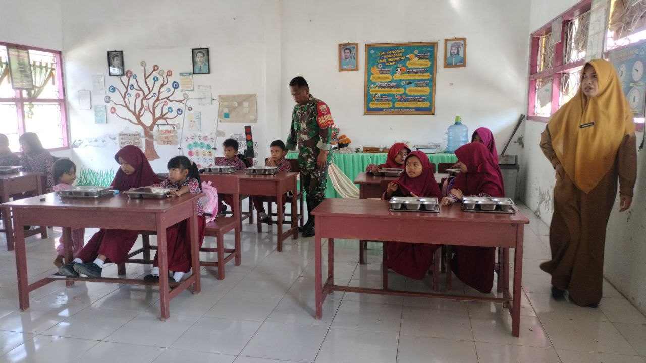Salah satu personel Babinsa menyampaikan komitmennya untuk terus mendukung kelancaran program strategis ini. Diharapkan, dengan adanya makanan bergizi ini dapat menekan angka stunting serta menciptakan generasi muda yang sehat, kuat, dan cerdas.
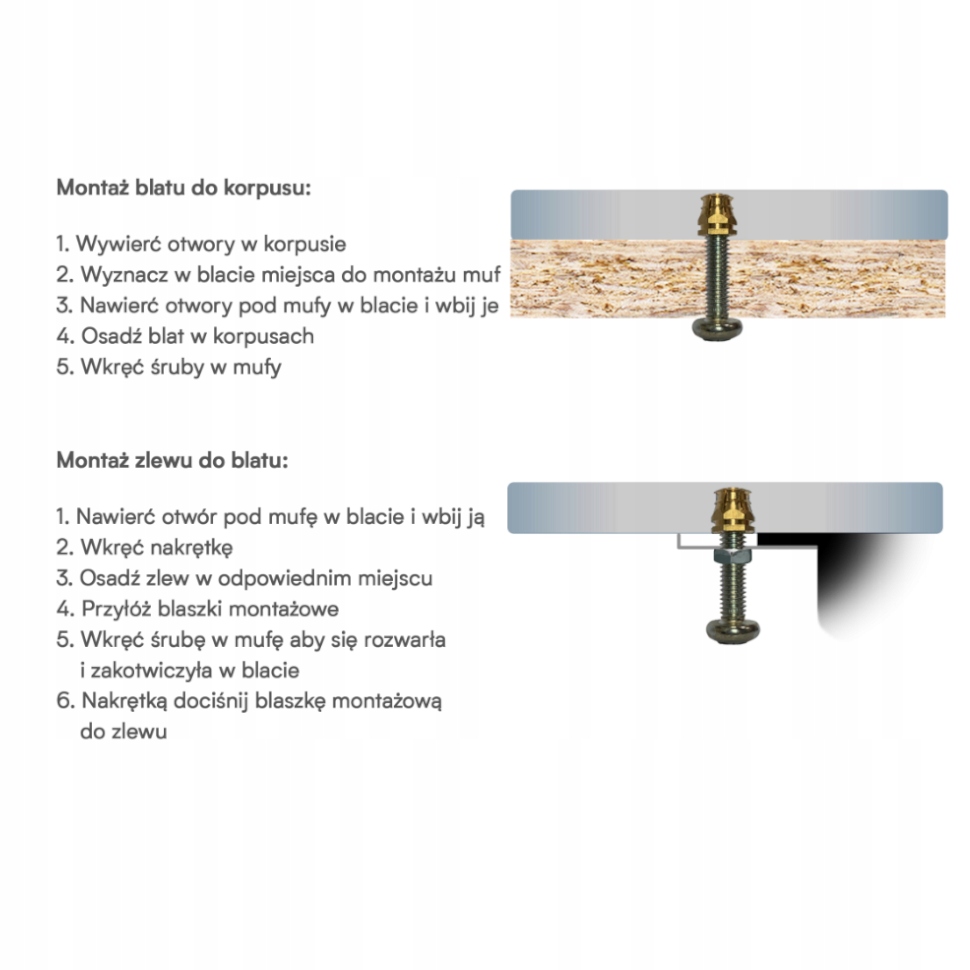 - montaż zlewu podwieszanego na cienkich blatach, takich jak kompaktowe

--

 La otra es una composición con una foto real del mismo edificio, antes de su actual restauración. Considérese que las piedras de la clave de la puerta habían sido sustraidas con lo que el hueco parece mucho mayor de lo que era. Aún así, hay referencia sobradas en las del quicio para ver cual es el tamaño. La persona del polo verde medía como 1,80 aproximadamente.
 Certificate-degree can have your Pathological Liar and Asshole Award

Work to be completed:
Pictures do not belong in the answer. Return the lines above starting at the one with "Salah satu personel" and ending at the one with "- montaż zlewu", both kept, exactly.

Output of the task:
Salah satu personel Babinsa menyampaikan komitmennya untuk terus mendukung kelancaran program strategis ini. Diharapkan, dengan adanya makanan bergizi ini dapat menekan angka stunting serta menciptakan generasi muda yang sehat, kuat, dan cerdas.
 - montaż zlewu podwieszanego na cienkich blatach, takich jak kompaktowe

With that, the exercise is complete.